In the Old Red Lion, he procured a pen and a scrap of paper from one of the pot boys and scribbled a note to Godfrey Bond, instructing his uncle to collect as much hard currency as he could manage, and meet him on the south side of London Bridge at midday.
He didn’t want Godfrey arriving in a thieves’ den like Smithfield or Field Lane carrying a large sum of money. He wanted their meeting place to be public, safe and identifiable, somewhere that even Godfrey would know how to find. And should Godfrey be followed, it was important that Pyke had his route of escape planned. In this scenario, Pyke would see anyone who was following his uncle and would be able to slip off into the labyrinthine streets that surrounded Southwark Cathedral.

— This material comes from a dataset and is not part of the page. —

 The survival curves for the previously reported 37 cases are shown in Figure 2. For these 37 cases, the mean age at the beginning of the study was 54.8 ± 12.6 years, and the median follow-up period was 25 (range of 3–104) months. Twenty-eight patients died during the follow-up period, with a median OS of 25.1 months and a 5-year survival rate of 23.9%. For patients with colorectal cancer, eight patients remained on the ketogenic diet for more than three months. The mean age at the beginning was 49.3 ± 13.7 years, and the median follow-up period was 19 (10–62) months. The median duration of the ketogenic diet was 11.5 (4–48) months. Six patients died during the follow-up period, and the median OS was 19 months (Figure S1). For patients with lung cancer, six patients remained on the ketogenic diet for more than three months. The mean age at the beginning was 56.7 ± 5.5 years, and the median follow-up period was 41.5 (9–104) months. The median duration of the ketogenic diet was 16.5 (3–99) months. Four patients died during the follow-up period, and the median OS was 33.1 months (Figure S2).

Taking a half-crown from his pocket, he placed it into the pot boy’s hand and explained that if he successfully delivered a note to a Mr Godfrey Bond in person, then Bond would give him a whole guinea for his efforts. The boy looked down at the coin in his hand and gave Pyke a toothy grin. Pyke told him Bond could be found at number seventy-two St Paul’s Yard, and if he was not there the boy was to go to the George Inn on Camden Place. If not there, then the Castle in Saffron Hill, or the Blue Boar in Holborn, and if Godfrey was not in either of those places, the boy was to look for him in the New Wheatsheaf at the top of Ludgate Hill or the Privateer on Wellington Mews.

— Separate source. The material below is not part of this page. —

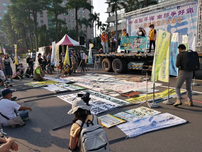 反空汙大遊行由多個環團共同舉辦,包含要健康婆婆爸爸媽媽團協會、台灣水資源保育聯盟、高雄健康空氣行動聯盟。環團表示,今年高雄反空汙大遊行的規模比往年小很多,彷彿沒有沾染選前的熱鬧氛圍,特別是藍綠兩黨今年幾乎沒有派人參與,可能是選前議題較多,分散民眾注意的緣故。

The boy squinted at him and grinned. ‘I take it this friend of
yours likes to take a drink.’
But stupidly, Pyke had not thought to take into account the fog, which had thickened throughout the rest of the morning, so that by the time he heard the Southwark bells, less than a few hundred yards away, chiming midday, he could barely see his own hands and feet, let alone the towering cathedral. The fog was thick but patchy, and as it swirled around him he caught glimpses of the new bridge, which was being built alongside the old one, wooden scaffolding supporting the giant granite arches, and beyond that, disembodied masks of tall ships bobbed up and down in the choppy waters like ghostly apparitions. It was bitterly cold, and his new clothes had left him desperately exposed to the elements. He dug his hands into his pockets and scanned the faces of those walking towards him across the old bridge for any sign of his uncle. The fog momentarily cleared and he saw Wren’s mighty dome appear in the distance and then vanish, as though by a malevolent act of conjuring.

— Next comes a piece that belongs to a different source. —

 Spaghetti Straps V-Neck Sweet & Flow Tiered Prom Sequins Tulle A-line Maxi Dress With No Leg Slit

The bridge itself was, literally, falling down. There were no houses or shops on it, as there once had been — they had long since been demolished — and more recently the cobbled surface had been widened, to accommodate more traffic, but these changes had not made the bridge any more secure. The fact that a new bridge was being constructed was a testament to its decrepitude. The creaking arches, which housed waterwheels and supported the main crossing, had been badly damaged by the last big freeze, when the river had completely iced over.
Pyke could hear the giant waterwheels turning beneath him, sucking up the river’s dirty water and pumping it across to both banks for human consumption. No wonder people existed on a diet of gin and beer and did not even think about drinking water they knew to be polluted.
Figures appeared ten or twenty yards ahead of him out of the fog. A city clerk hurried past him clutching a bundle of papers, already late for his appointment, followed by a Jewish pedlar whose feigned shuffle belied his hawk-like gaze and a respectably dressed woman who made a point of passing Pyke on the other side of the road. A few minutes later, a sweeper with an unsteady gait and a sweaty visage stopped for a while in the middle of the bridge and propped himself up with his broom. For the briefest of moments, Pyke thought he saw a woman with a plump face and a white bonnet appearing in the distance, but she turned out to be no more than an apparition. Was he just imagining the woman who had shouted his name in the Blue Dog tavern?